### DIRECTIONS
Drop all images. Then write out each line below exactly as given.

### DATASET CONTENT
= = = = =

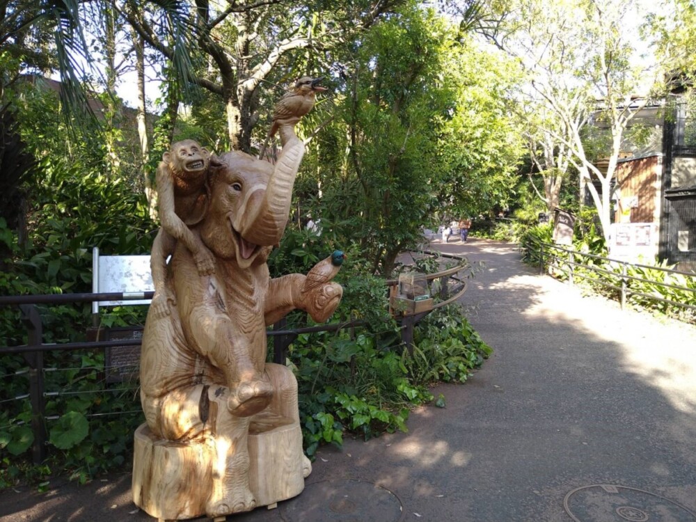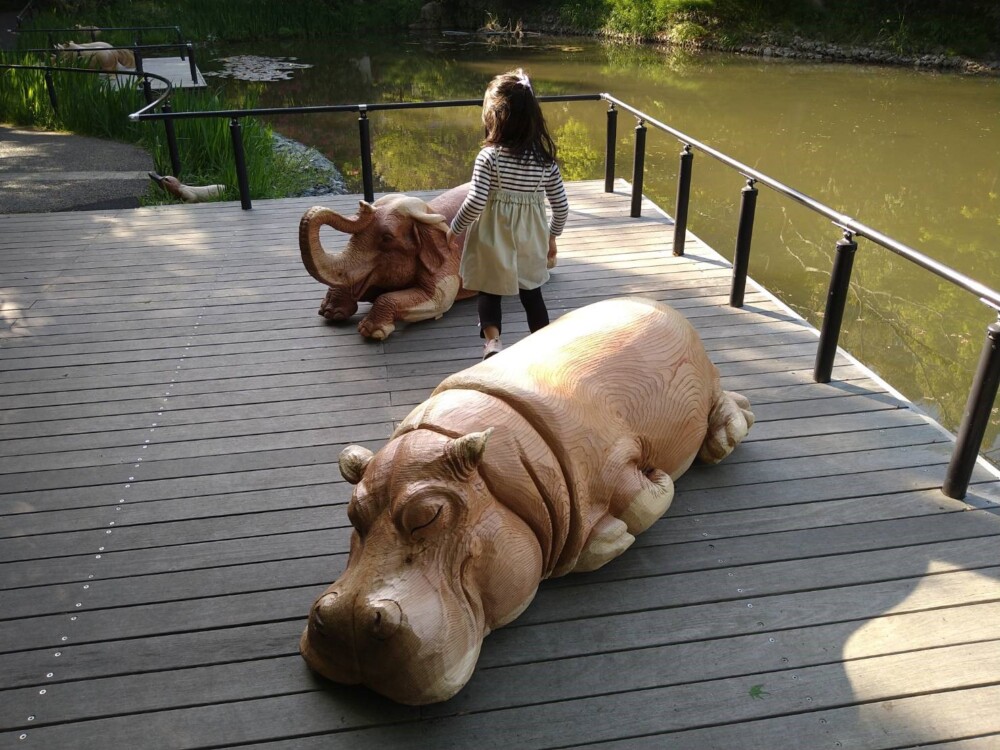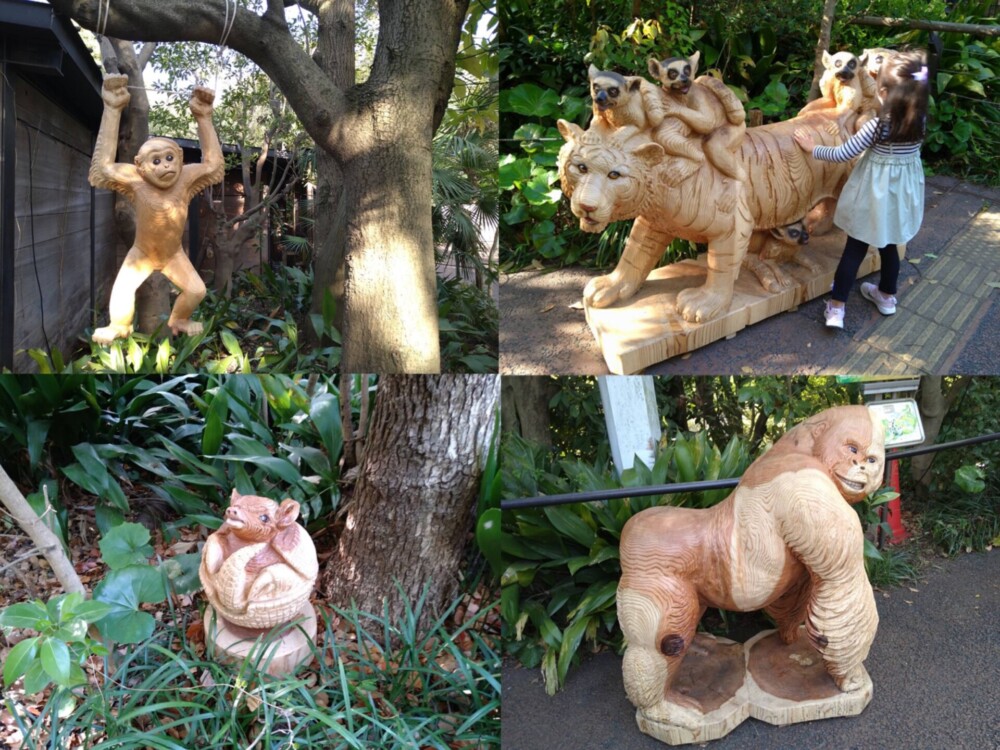 他にも園内には至るところに、動物たちの木の彫刻が出現していました!
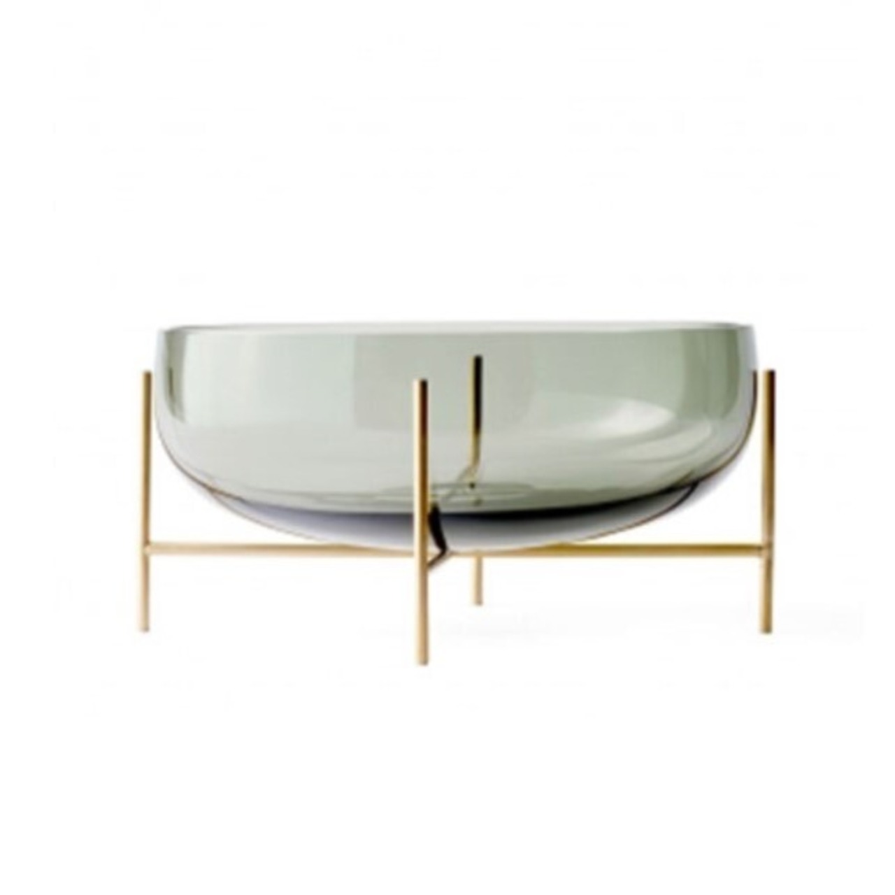 エシャス ボウル - スモーク ガラスとつや消し真鍮の 2つのサイズがあり、伝統的なサービング ボウルをモダンで目玉にふさわしいものに仕上げています。
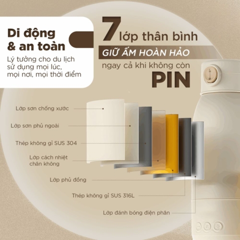 Nhờ cấu trúc 7 lớp ưu việt này, bình có khả năng giữ ấm hoàn hảo ngay cả khi thiết bị đã hết pin. Đây là tính năng vượt trội giúp mẹ luôn có sẵn nước ấm để pha sữa cho bé trong những hành trình dài mà không cần lo lắng về nguồn điện.
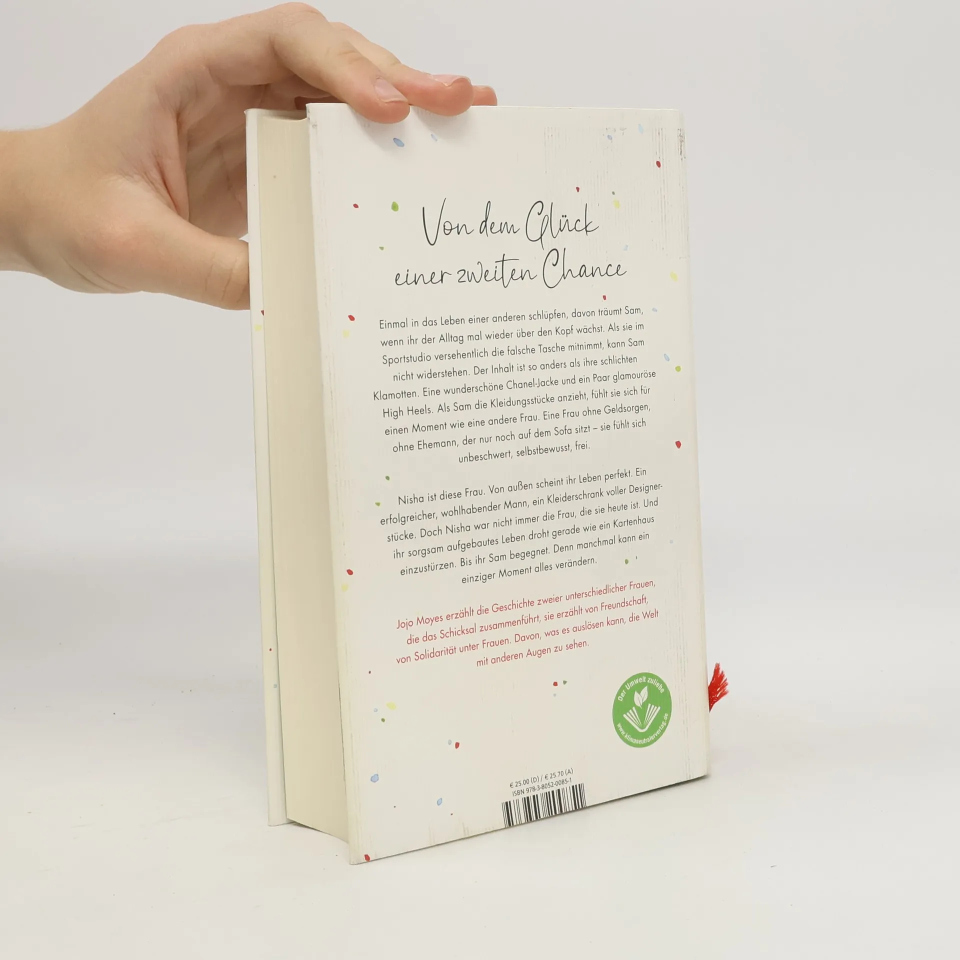 Mit «Ein ganzes halbes Jahr» hat Jojo Moyes Millionen Leser: innen-Herzen erobert. Ihre Romane sind unvergleichlich, lassen uns mitfühlen, bringen uns zum Weinen und zum Lachen. In ihrem neuen Roman erzählt Jojo Moyes die Geschichte zweier ungleicher Frauen, die das Schicksal zusammenführt. Einmal in das Leben einer anderen schlüpfen, davon träumt Sam, wenn ihr der Alltag mal wieder über den Kopf wächst. Als sie im Sportstudio versehentlich die falsche Tasche mitnimmt, kann sie nicht widerstehen. Der Inhalt ist so anders als ihre schlichten Klamotten. Eine wunderschöne Chanel-Jacke und ein Paar glamouröse High Heels. Als Sam die Kleidungsstücke anzieht, fühlt sie sich für einen Moment wie eine andere Frau. Eine Frau ohne Geldsorgen, ohne Ehemann, der nur noch auf dem Sofa sitzt - sie fühlt sich unbeschwert, selbstbewusst, frei. Nisha ist diese Frau. Von außen scheint ihr Leben perfekt. Ein erfolgreicher, wohlhabender Mann, ein Kleiderschrank voller Designerstücke. Doch Nisha war nicht immer die Frau, die sie heute ist. Und ihr sorgsam aufgebautes Leben droht gerade wie ein Kartenhaus einzustürzen. Bis ihr Sam begegnet. Denn manchmal kann ein einziger Moment alles verändern. Jojo Moyes erzählt die Geschichte von Sam und Nisha, sie erzählt von Freundschaft, von Solidarität unter Frauen. Davon, was es auslösen kann, die Welt mit anderen Augen zu sehen. Und von dem Glück einer zweiten Chance.

= = = = =

### SOLUTION
 他にも園内には至るところに、動物たちの木の彫刻が出現していました!
 エシャス ボウル - スモーク ガラスとつや消し真鍮の 2つのサイズがあり、伝統的なサービング ボウルをモダンで目玉にふさわしいものに仕上げています。
 Nhờ cấu trúc 7 lớp ưu việt này, bình có khả năng giữ ấm hoàn hảo ngay cả khi thiết bị đã hết pin. Đây là tính năng vượt trội giúp mẹ luôn có sẵn nước ấm để pha sữa cho bé trong những hành trình dài mà không cần lo lắng về nguồn điện.
 Mit «Ein ganzes halbes Jahr» hat Jojo Moyes Millionen Leser: innen-Herzen erobert. Ihre Romane sind unvergleichlich, lassen uns mitfühlen, bringen uns zum Weinen und zum Lachen. In ihrem neuen Roman erzählt Jojo Moyes die Geschichte zweier ungleicher Frauen, die das Schicksal zusammenführt. Einmal in das Leben einer anderen schlüpfen, davon träumt Sam, wenn ihr der Alltag mal wieder über den Kopf wächst. Als sie im Sportstudio versehentlich die falsche Tasche mitnimmt, kann sie nicht widerstehen. Der Inhalt ist so anders als ihre schlichten Klamotten. Eine wunderschöne Chanel-Jacke und ein Paar glamouröse High Heels. Als Sam die Kleidungsstücke anzieht, fühlt sie sich für einen Moment wie eine andere Frau. Eine Frau ohne Geldsorgen, ohne Ehemann, der nur noch auf dem Sofa sitzt - sie fühlt sich unbeschwert, selbstbewusst, frei. Nisha ist diese Frau. Von außen scheint ihr Leben perfekt. Ein erfolgreicher, wohlhabender Mann, ein Kleiderschrank voller Designerstücke. Doch Nisha war nicht immer die Frau, die sie heute ist. Und ihr sorgsam aufgebautes Leben droht gerade wie ein Kartenhaus einzustürzen. Bis ihr Sam begegnet. Denn manchmal kann ein einziger Moment alles verändern. Jojo Moyes erzählt die Geschichte von Sam und Nisha, sie erzählt von Freundschaft, von Solidarität unter Frauen. Davon, was es auslösen kann, die Welt mit anderen Augen zu sehen. Und von dem Glück einer zweiten Chance.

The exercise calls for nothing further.